I'm extrapolating (there is less detail in that press release than I expected from your comment), but this sounds to be like it would be the thing that enables such a "list of permissions". I would be curious to know exactly what this agent entailed and why the EU did not approve it.

1 comments

"Trusted System Agent" imo sounds like an apple approved agent which would only be available to companies that accept apples (likely unreasonable) demands and would completely lock smaller companies out of the ecosystem.
My limited understanding is that it would be a local model that exists only to determine a limited set of local information necessary to answer the user's request. This request and information would then be shared with the third party. Third parties would otherwise not have access into the local semantic model based on user personal data.
Does apple's own siri need to pass requests through their gatekeeper AI? I bet it doesn't. Personally, I'm generally happy with any answer apple comes up with so long as they're bound by the same set of restrictions as 3rd party companies. I feel like that's the only way to make sure apple won't "accidentally" hobble their competitors. (Like they did with their ridiculous 50c per app install fee for 3rd party app stores).

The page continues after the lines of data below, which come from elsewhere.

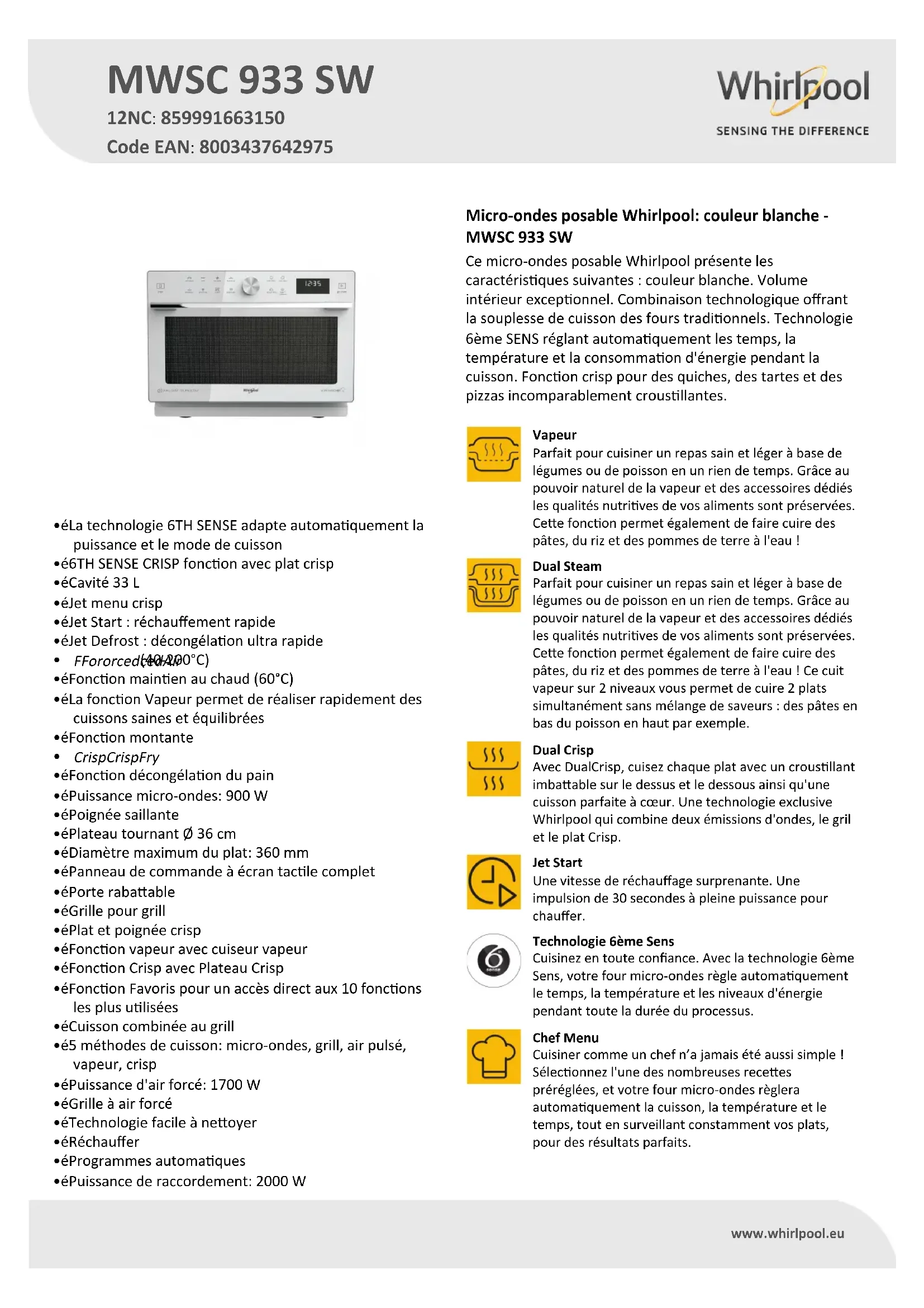 Retrouvez gratuitement la notice de l'appareil MWSC 933 SW WHIRLPOOL au format PDF.
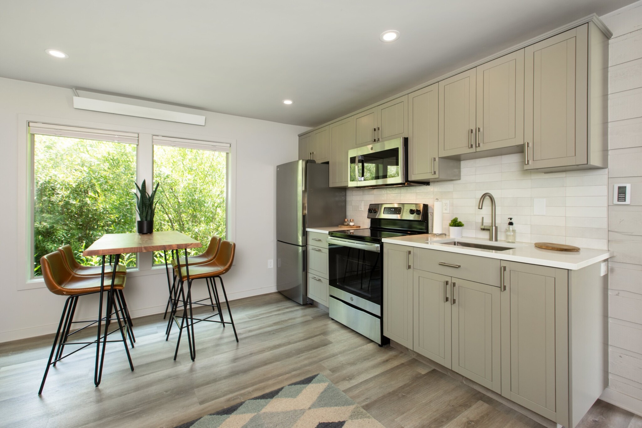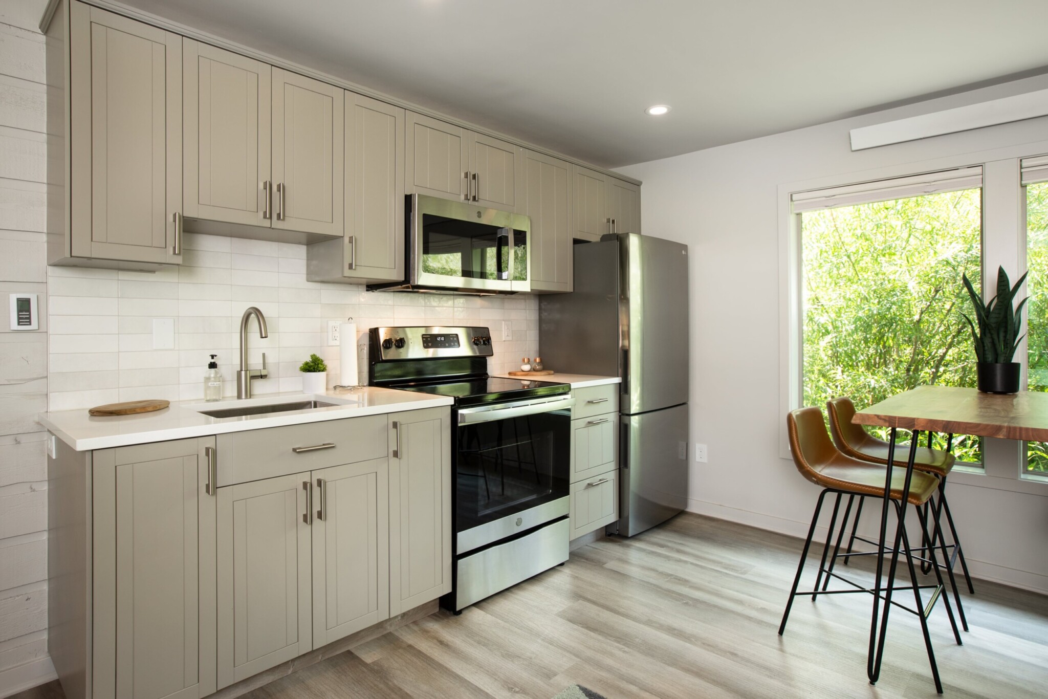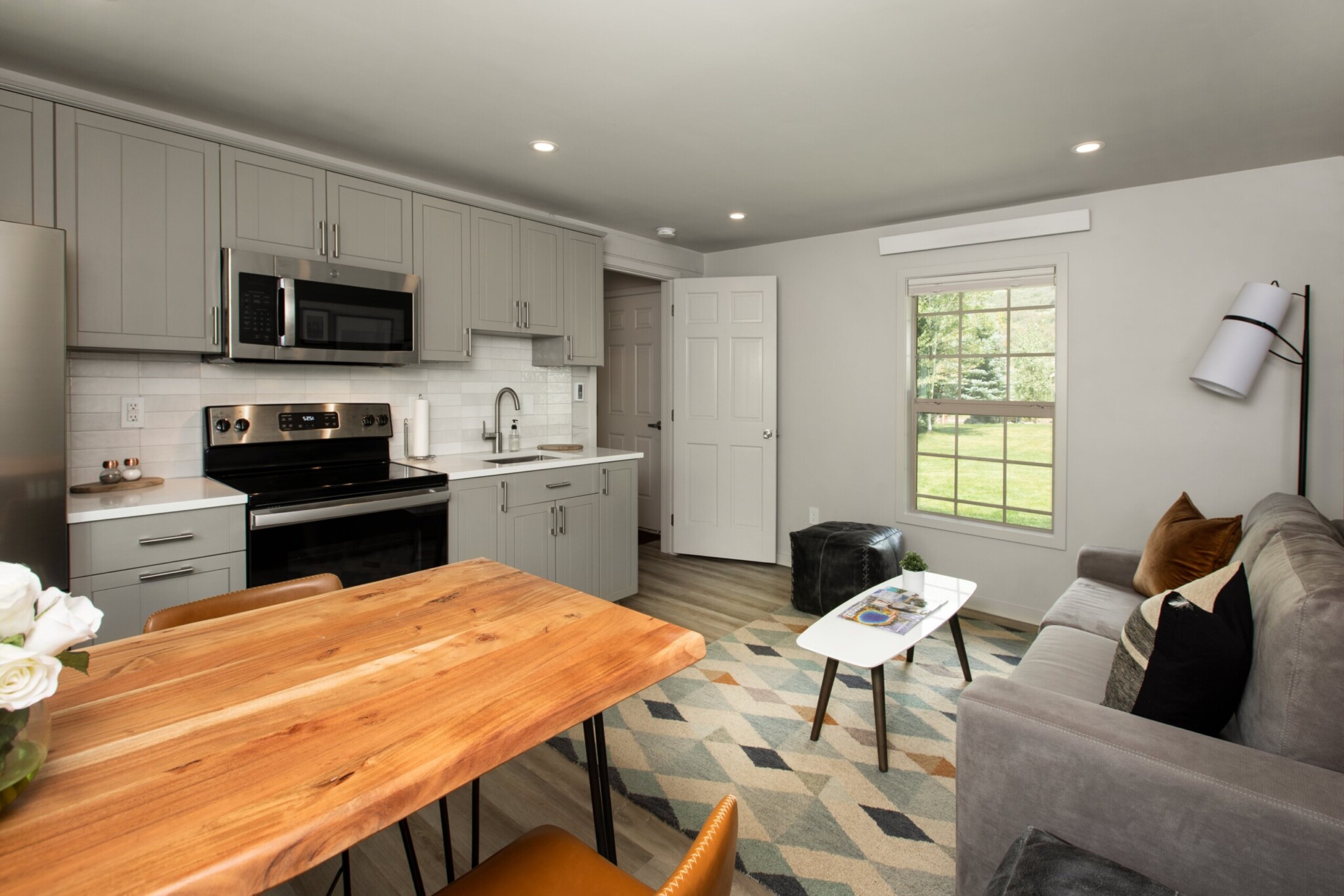 These newly renovated units have a rustic modern feel and bring all the comforts of home to your travels. Perfect for small families or small groups of friends, these units are equipped with a full kitchen, private bathroom, and living area. These units serve as a peaceful sanctuary after a busy day exploring the national parks or skiing at Jackson Hole Mountain Resort. Enjoy a mountain view from your Adirondack chair and listen to the creek gurgling nearby.
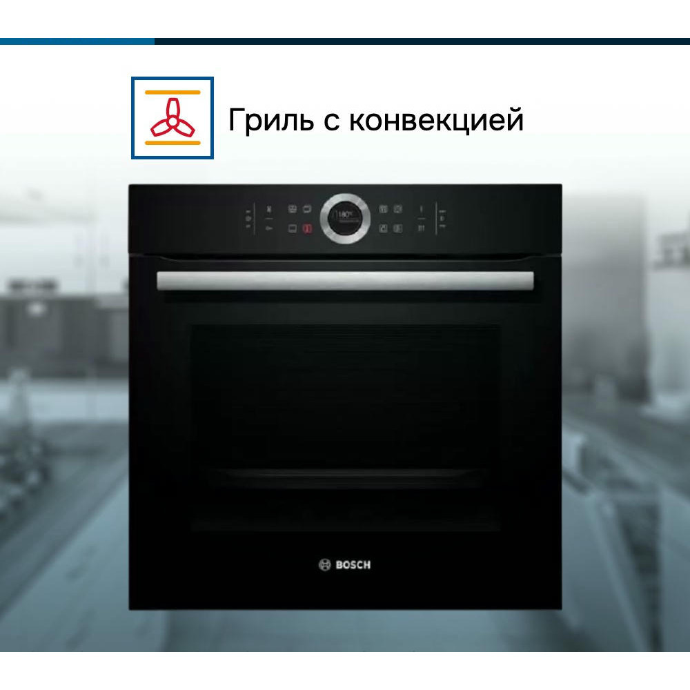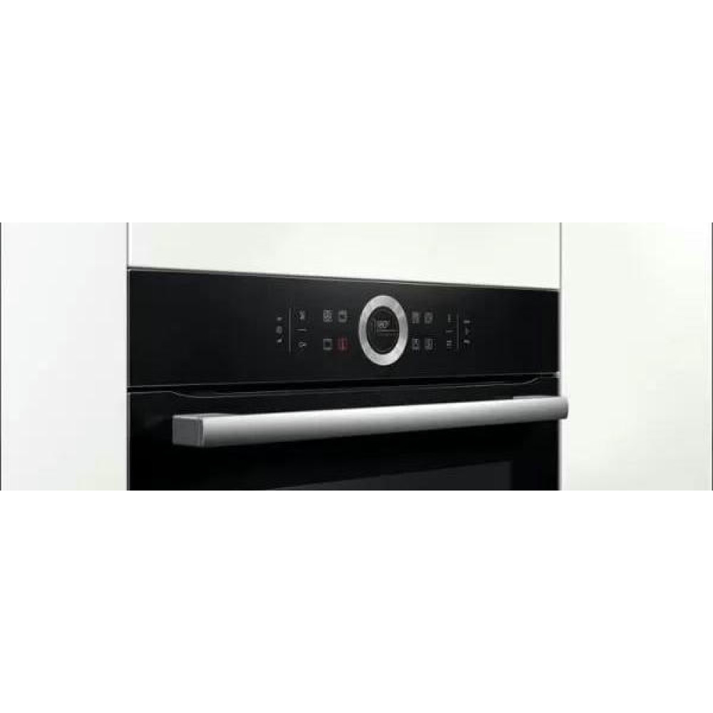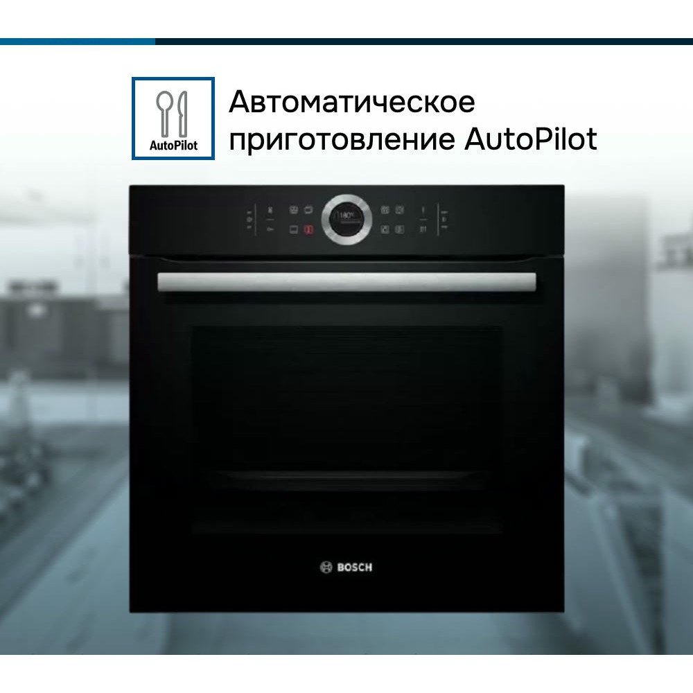 Электрический духовой шкаф Bosch HBG672BB1S — модель с 8 режимами нагрева и галогенным внутренним освещением. Интерактивный TFT-дисплей и переключатель ControlRing облегчат эксплуатацию прибора. С функцией AutoPilot готовить стало проще. Просто выберите одну из 10 программ, укажите вес блюда и духовка запустит автоматическую программу с оптимальным режимом нагрева и временем приготовления. Пиролитическая очистка предполагает под собой высокотемпературное воздействие в сочетании с каталитическими панелями сжигают сильные загрязнения, превращая их в пепел. 4-слойное остекление дверцы не дает нагреться наружному стеклу свыше 30_. Доводчик SoftMove плавно закрывает дверцы без шума и вибрации. Блокировка от детей предотвращает случайное включения устройства или изменение его настроек.

I want Claude and OpenAI to be able to compete with Siri on an equal footing. Just like Apple maps has to compete with google maps. Competition pushes companies to make better products.

Hm, I didn’t even consider that it could be an “agent” in the AI sense. I assumed this meant a service that runs on the device and interposes on requests to access privileged resources and enforces permissions checks on them. That is, the classical sense of the word agent in computing. Perhaps you’re right; in any case I don’t think there is really enough detail here to go off of.